For the amplification process, I think it would deal with things in an appropriately generalizable way. You are doing something a bit more like training the agents to form nodes in a decision tree that captures all of the important questions you would need to figure out what to do next, including components that examine the situation in detail. Paul has written up an example of what amplification might look like, that I think helped me to understand the level of abstraction that things are working at. The claim then is that expanding the decision tree captures all of the relevant considerations (possibly at some abstract level, ie. instead of capturing considerations directly it captures the thing that generates those considerations), and so will properly generalize to a new decision.
I’m less sure at this point about how well distillation would work, in my understanding this might require providing some kind of continual supervision (if the trained agent goes into a sufficiently new input domain, then it requests more labels on this new input domain from it’s overseer), or might be something Paul expects to fall out of informed oversight + corrigibility?
That sounds like a good idea. But I still don’t feel like I fully understand what we are getting in return for knowledge isolation. Knowledge isolation is clearly useful sometimes, e.g. for ensemble learning or cross validation. But it feels to me like a framework that allowed us to pool & isolate knowledge in a more fluid way would work better.
Imagine an organization where Alice in Department A needs to tell something to Bob in Department B. Suppose the organization is very straightlaced, and Alice knows that the only way Bob will hear her message is if Alice tells it to her boss, who tells it to the CEO, who tells it to to the head of department B, who tells it to Bob. What is this game of telephone buying us, exactly?
Re: corrigibility, see this comment.
I think (based on reading Paul’s blog posts) that knowledge isolation provides these benefits:
The distribution of training and test examples for the distilled agent are as similar as possible (possibly identical, or possibly close enough that you can ask for new training data when you find something too far out of distribution). Suppose we allow for unlimited knowledge sharing. The training data gathered from humans will only include examples of humans processing some limited amount of information, and that information will have been produced in a fairly normal set of circumstances that occur during training. But as the IDA procedure continues, later agents will have to deal with much larger amounts of data generated during potentially weirder circumstances. So distributional shift will become more of a problem.

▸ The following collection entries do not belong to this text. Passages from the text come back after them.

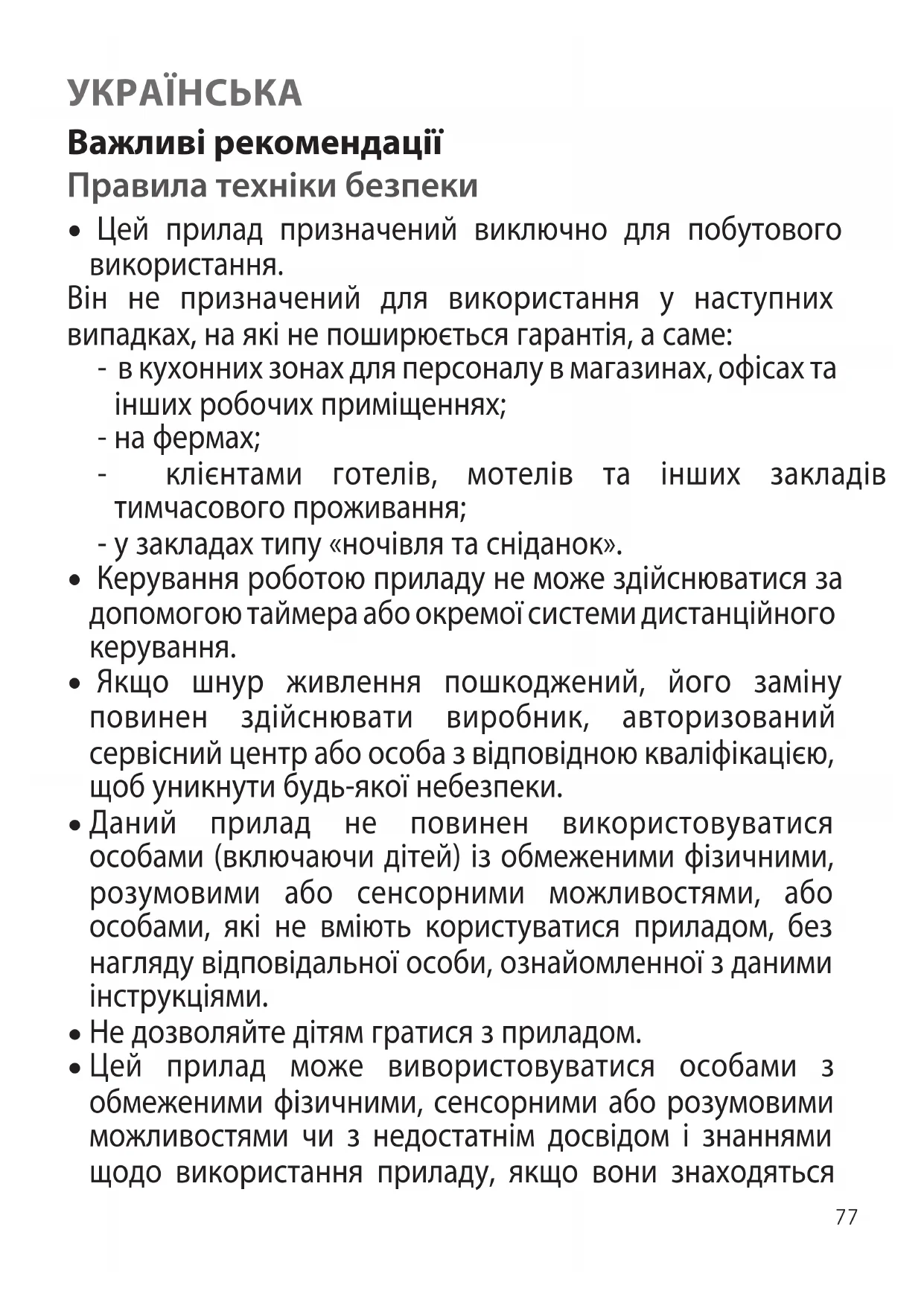 - Цей прилад призначений виключно для побутового використання. Він не призначений для використання у наступних випадках, на які не поширюється гарантія, а саме: - в кухонних зонах для персоналу в магазинах, офісах та інших робочих приміщеннях; - на фермах; - клієнтами готелів, мотелів та інших закладів тимчасового проживання; - у закладах типу «ночівля та сніданок».
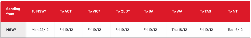 Australia Post recommend orders to be shipped by the following dates to be delivered before Christmas:
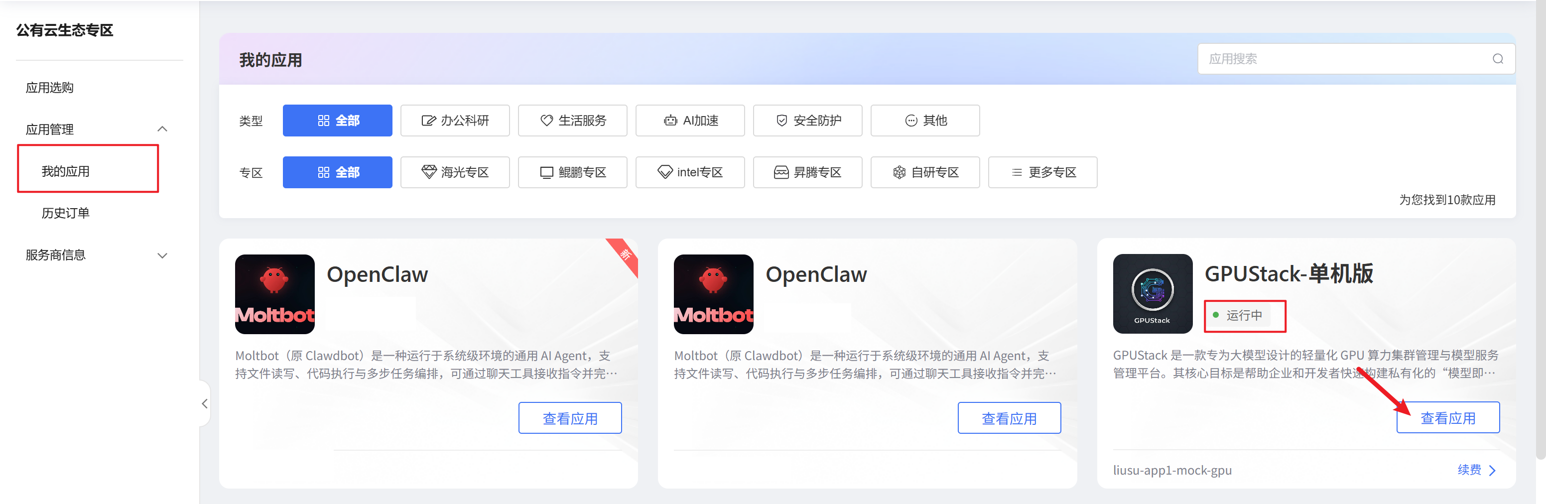 支付成功后,在我的应用页,查看应用状态,当应用状态为运行中时,代表GPUStack平台部署完成。
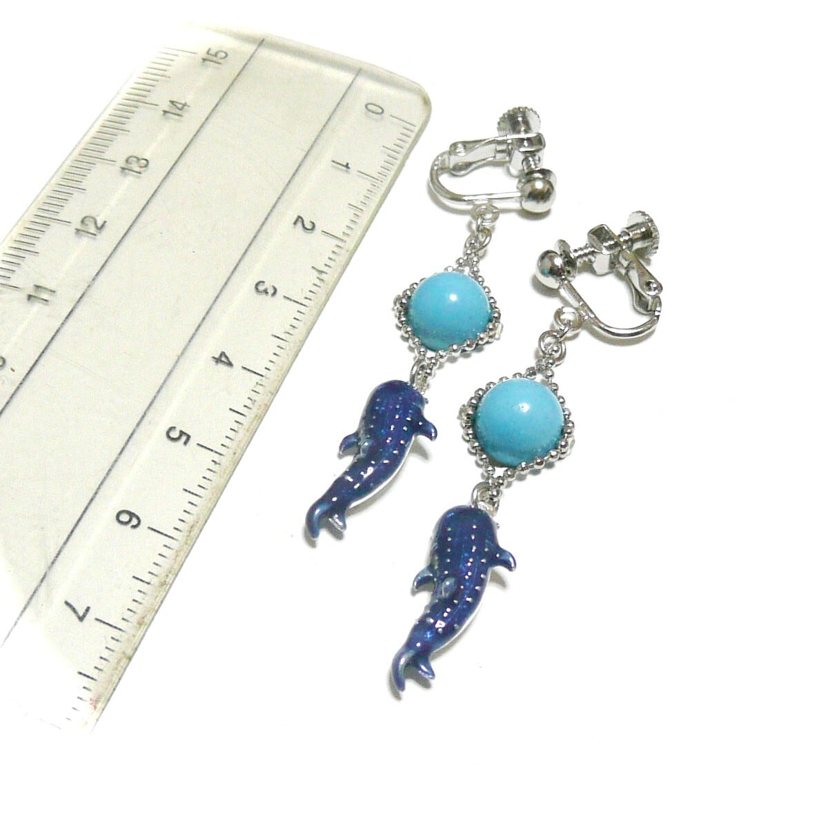 キュートなジンベエザメのチャームと共に揺れるイヤリングです。
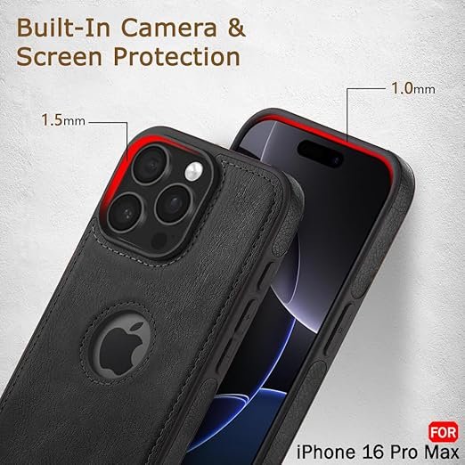 The Genuine Leather Finish Back Cover Case for iPhone 16 Pro Max in Black is the quintessential “executive” accessory. It is designed for those who want to soften the industrial titanium look of the Pro Max with a warm, classic aesthetic while maintaining a slim, non-bulky profile.
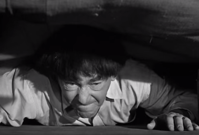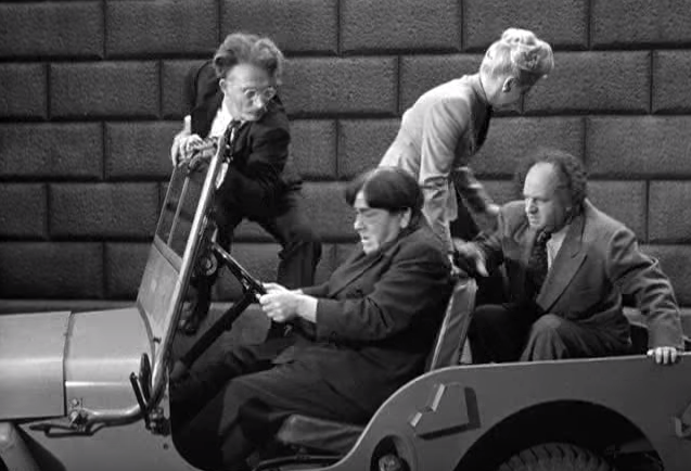 In the dungeon directly below the Stooges, in a very funny bit, Christine McIntyre flirts with the handsome young guard while the Professor steals his keys to the cell — another excellent comedy bit. Christine begins tapping on the ceiling in Morse code, signaling the Stooges — who decide to use the rocket fuel burn a hole in the floor and join them. Just as they’re making their way down, the General and his guard burst in with a comical, rubbery tug of war over Shemp with the Stooges eventually winning, and making their escape in a stolen jeep — powered by the Three Stooges’ rocket fuel, spitting sparks and leaving the soldiers in their underwear.
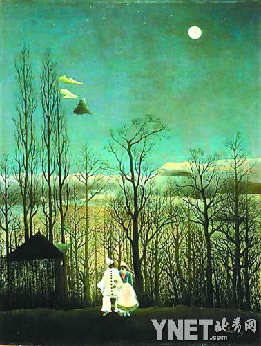 天空很高远,月亮挂在当空,小小的、圆圆的、清清白白的,有几朵或亮或暗的云彩在笔挺得直伸向天空的树丫间游移,她们是害羞的,轻轻地移着莲步。画面的前景是一派疏密有致的树丛,在树林中间隐着一间简陋的小房子;在树林前面的空地上,一对穿戴得相当隆重的青年男女安静地站在那里。他们穿着白色的衣装和衫裙,男子头上戴着尖顶白帽,女子则戴着彩条的船形帽。这可是平日里他们决计不舍得穿的衣物,他们一定是准备赴一场隐秘的奇妙的派对。而那派对的主人,可不正是童话王国的国王?他是一直存在的,只不过忙于世俗和自以为是的人们忘记了他的存在而已。而画面中的两个年轻人何其幸运,竟然有机会亲临这盛大的宴会,这不正是名副其实的狂欢夜吗!
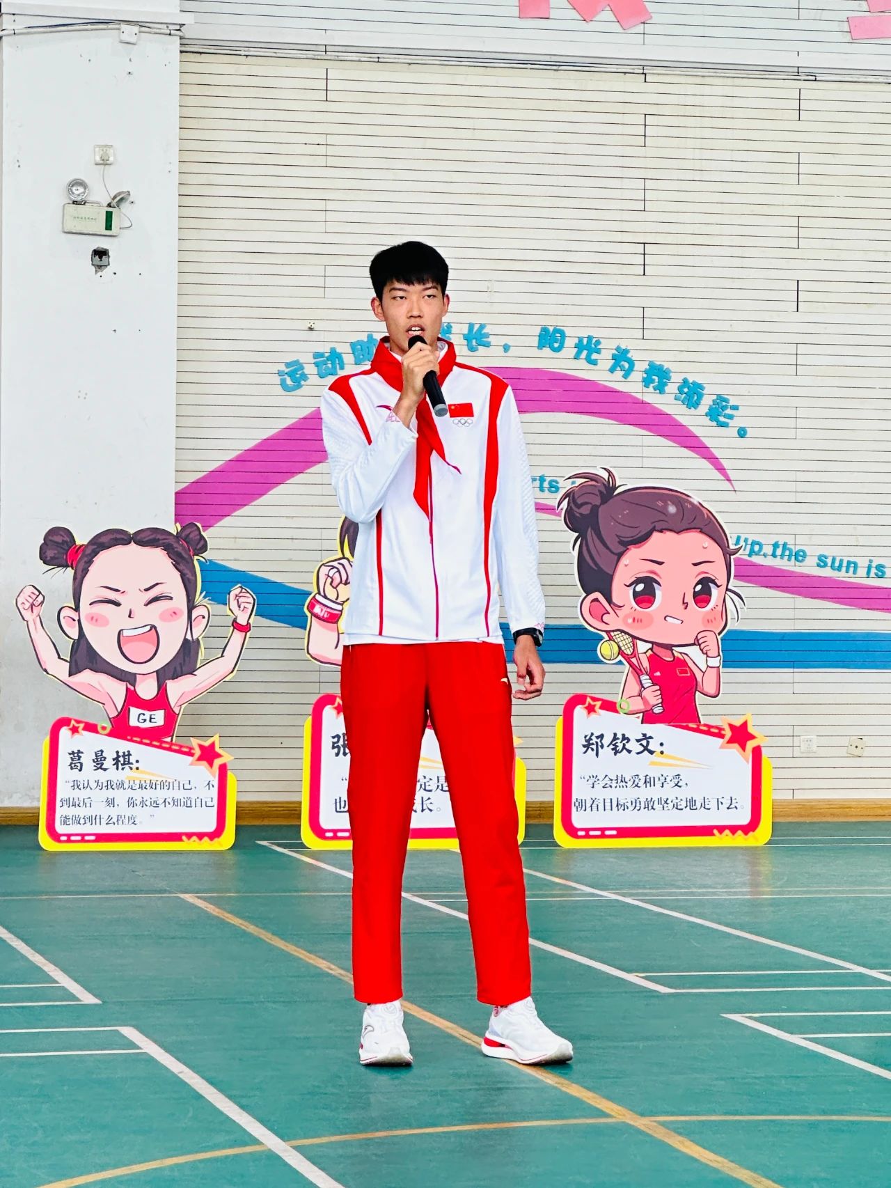 被譽(yù)為“亞洲女飛人”的葛曼棋與學(xué)生們分享了自己為何選擇田徑作為自己的人生道路。“在很小的時候,我就從電視機(jī)前認(rèn)識了第一位田徑偶像——劉翔。他在雅典奧運會上奪冠的那一刻,我被深深地震撼了。我也夢想能夠像劉翔一樣,為國爭光。”
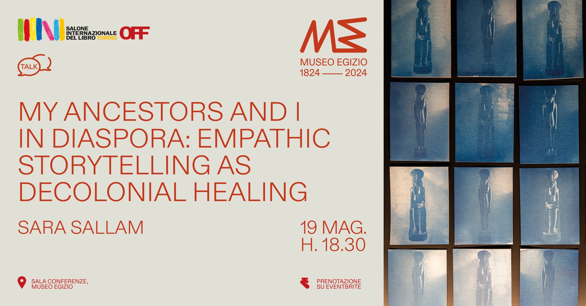 Nell’ambito del Salone internazionale del Libro OFF 2025, appuntamento al museo Egizio di Torino: lunedì 19 maggio 2025, alle 18.30, in sala conferenze, “My ancestors and I in diaspora: empathic storytelling as decolonial dealing”, incontro con l’artista Sara Sallam e il curatore del museo Egizio Paolo Del Vesco. In inglese con traduzione simultanea in sala. L’evento, realizzato in occasione di EXPOSED – Torino Foto Festival (16 aprile – 2 giugno 2025) nell’ambito del programma “Echoes”, è gratuito con prenotazione obbligatoria su Eventbrite al link https://www.eventbrite.it/…/my-ancestors-and-i-in…. Nei giorni successivi all’evento, la conferenza sarà trasmessa anche in streaming sulla nostra pagina Facebook e sul nostro canale YouTube. I due affronteranno le tematiche legate allo sradicamento, alla dispersione del proprio patrimonio culturale e alla costruzione di una relazione empatica con gli oggetti come mezzo per riparare le ferite di un passato coloniale ancora troppo presente in molte collezioni museali. Attraverso la descrizione dei suoi lavori e dell’installazione artistica appositamente realizzata per il museo Egizio, Sara Sallam ci trasporterà in un viaggio artistico fra Olanda, Italia ed Egitto antico e moderno. Dopo il talk sarà possibile visitare liberamente l’installazione dell’artista e la Galleria dei Re. Le installazioni artistiche di Sara Sallam per il museo Egizio sono state realizzate grazie al contributo del Mondriaan Fund, organizzazione olandese votata all’arte visiva e al patrimonio culturale.

Security amplification. In Universality and Security Amplification, Paul describes limiting the amount of information accessible to each agent to the extent that we can perform red-teaming over the set of possible inputs an agent will have to process, and so have confidence that agents won’t be attacked by any input they receive. He acknowledges that this will limit capabilities (so the system wouldn’t be able to, say, translate between languages as well as a human translator). But he claims that 1) the system doesn’t necessarily need to perform all tasks itself, instead it can just learn how to safely use external humans or system and 2) even the information limited set of queries the system can answer will still be able to include a “simple core of reasoning” sufficient for this task. (I’m still trying to wrap my head around whether I think this kind of system will be able to have sufficient capabilities.)